Writer’s Corner: Creating Characters

NOTE: Every writer has their own system for creating characters. If you don’t already have a system, I encourage you to use this article and other articles like this to create a process that works for you. The following is a (hopefully) simplified explanation of what I do to create characters that are memorable, deep, and well-rounded.

 

Introduction

When it comes to creating characters (heroes, villains, and supporting characters alike) I have a very organic process that allows me to get to know the characters as I write for them instead of planning every detail before I begin. I know there are a lot of authors out there that write out a whole birth to death biography for each of their characters before they even begin to write; however, I’ve always found this method to be very restrictive. What I start out with is a character sheet. Character sheets are great for constructing characters, and can be used as reference sheet for the future—they really come in handy for when you forget a character’s middle name, or birthday, or general back-story.

Below is the Character Sheet I made for the main Character of my Prince of Prophecy book series. This sheet is for the first book—I’ve had to modify a few things on the sheet for subsequent books.

 

CHARACTER SHEET:

 

Name: Destan Gustav Von Diederich

Gender: Male

Age: 12

Birthdate: 03/23/1802

Birthplace: Rosenstaat, Germany

The above sections, I feel, are pretty self-explanatory. Name, gender, age (at the beginning of the book), birthdate (helps you keep track of the time), and birthplace (if it’s important to the story).

 

Height: 4’11”

Weight: 98 pounds

Eye Color: Light blue

Hair: Long, wavy, golden-blonde hair

Skin Tone: Fair

The above section is for general physical characteristics. Give your character an eye color, hair color, and skin tone. Even if you never reveal those characteristics to the reader, it’s good to have a concrete visual image of your characters when you’re writing for them. Height and weight aren’t really important unless you’re writing for a child who grows over the course of the story (my case), or if height and weight play key roles in your book (for instance if you’re writing a novel about a profession wrestler). Again, you don’t necessarily need to mention these characteristics in your writing, but it really helps to flesh out the characters in your mind.

 

Basic Description 1:

Face: Oval shaped face, high cheek bones, defined jaw, plush lips, proportionate and straight nose, large blue eyes, manicured eyebrows, long and dark eyelashes.

Hair and Skin: fair skin, golden blonde, long wavy hair (healthy), usually tied back in a ponytail to keep it out of his face.

Physique: Four feet, eleven inches tall, 98 pounds, skinny but is showing signs of developing muscle mass.

Appearance Considerations: Frequently assumed younger than he actually is due to his height.

Voice: Pleasant, speaks in a clearly audible tone.

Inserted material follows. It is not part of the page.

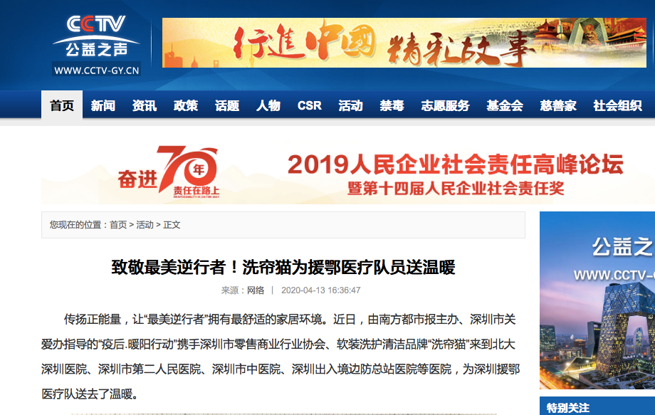 洗帘猫软装清洗品牌的心意送出去后不久,就被CCTV表扬啦。
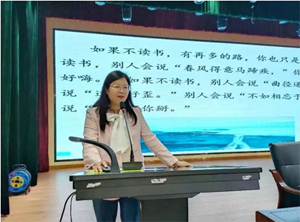 教师代表谢晓婷列举了读书与不读书的差别,表示读书不一定能功成名就、锦绣前程,但它能让你说话有德,做事有余,出言有尺,嬉闹有度,希望大家在书香文墨中汲取力量,坚定前行。

The first part of the basic description is solely to flesh out the physical appearance of your character. These details aren’t exactly necessary, but writing out what my characters look like gives my other characters things to notice besides eye and hair color—which can make a story really monotonous if that’s all you list when introducing new characters.

 

Basic Description 2:

General Characteristics: Curious, open-minded, persistent, integral, vital, kind, fair, humble, prudent, appreciates beauty, gracious, stubborn, hopeful, has a sense of humor, tries to follow the rules but often finds himself straying, responsible, dutiful, studious, easily absorbed in ideas, lacks self-confidence, short-tempered, book smart, lacks proper street smarts, courageous, has trouble letting things go, naïve, has a hard time trusting and opening up to people, bottles his emotions, confidence can be shaken with some prodding, imaginative, unable to turn to others for help, susceptible to intense self-scrutiny and self-doubt, an inability to depend on others, charming, oblivious at times, constantly attempts to prove himself, adventurous, risk-taker.

Basic Description 2 is where you really start decide who your characters are. I modified this list over the course of the first book, starting with just a few general characteristics to get the ball rolling (you definitely don’t want to begin your story with this section completely empty or your character’s probably going to be all over the place). As I get to know more about my characters by writing for them, I add more to the list, thereby making the character more well-rounded and relatable. It doesn’t matter how long or short you make this part, just so long as you stick to the characteristics you wrote down during your first draft. On a last not, make sure you don’t put any contradictory characteristics on the list like: brave and cowardly, or stubborn and agreeable—things like that will just trip you up and confuse your readers by sending mixed signals.

 

Bad Habits / Vices: Impatient, short-tempered, does not like sharing his feelings, blunt at times, his own worst critic, sometimes gullible, holds grudges, has a weakness for pretty things.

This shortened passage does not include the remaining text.